Table 1 and Table 2, and Figure 1 present the results of somatic features, areal bone mineral density, femur strength index and serum concentrations of biochemical indices before and after the intervention in both investigated groups of women.
The interaction with respect to the femur strength index at baseline and at six months of the training program between the training and control groups was found (p = 0.0351; power = 0.58; Figure 1).
Within the training group, the correlation analysis did not show any relationship between changes (Δ) in femur strength index value after the intervention with somatic features, serum concentrations of bone turnover markers or bone mass indices measured before the training program. Moreover, no relationships were found between changes (Δ) in femur strength index value or CTX concentrations with changes of other indices of bone mass or body composition.
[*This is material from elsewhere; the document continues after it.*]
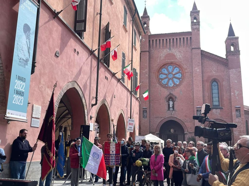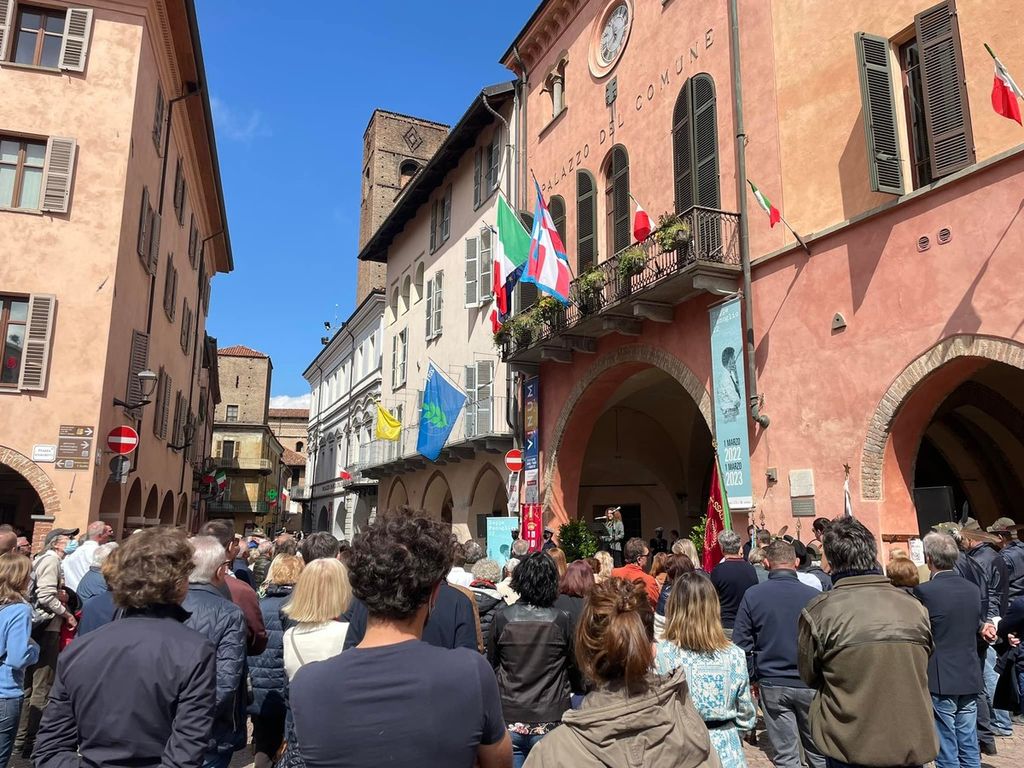 In una Alba gremita di turisti per la terza giornata di Vinum 2022, la Città medaglia d'oro al valor militare per il suo impegno nella lotta di Liberazione ha celebrato l'anniversario del 25 Aprile con una partecipata cerimonia tenuta di fronte al palazzo comunale di piazza Risorgimento.

For the control group, negative correlations were found between changes (Δ) in OC concentration and BMI values and changes in OC concentration and T-score for total femur values during the study period (r = −0.71, p = 0.046 and r = −0.84, p = 0.009, respectively).
4. Discussion
In the present study, we noticed a significant interaction between the investigated groups of postmenopausal women and the time of the intervention with respect to femur strength index, which is relevant in light of the fact that hip fractures are a mortality risk [21]. However, we found no significant influence of the aqua fitness program on bone mineral density values measured on the whole body, the left hip or the lumbar spine regions. Despite the many studies showing that physical activity is an important factor positively stimulating bone metabolism during all life stages, water-based exercises may induce varied responses in the skeleton. Most studies conducted in young swimmers showed similar BMD values to sedentary controls [22]. However, Gómez-Bruton et al. [23] in a review focusing on physical activity in water and bone health noticed that in a population of adults over 40 years of age, swimming reduced the rate of bone mass loss accompanying ageing. They suggested that these differences could be sport-specific or could have occurred due to the more active lifestyle reported by swimmers.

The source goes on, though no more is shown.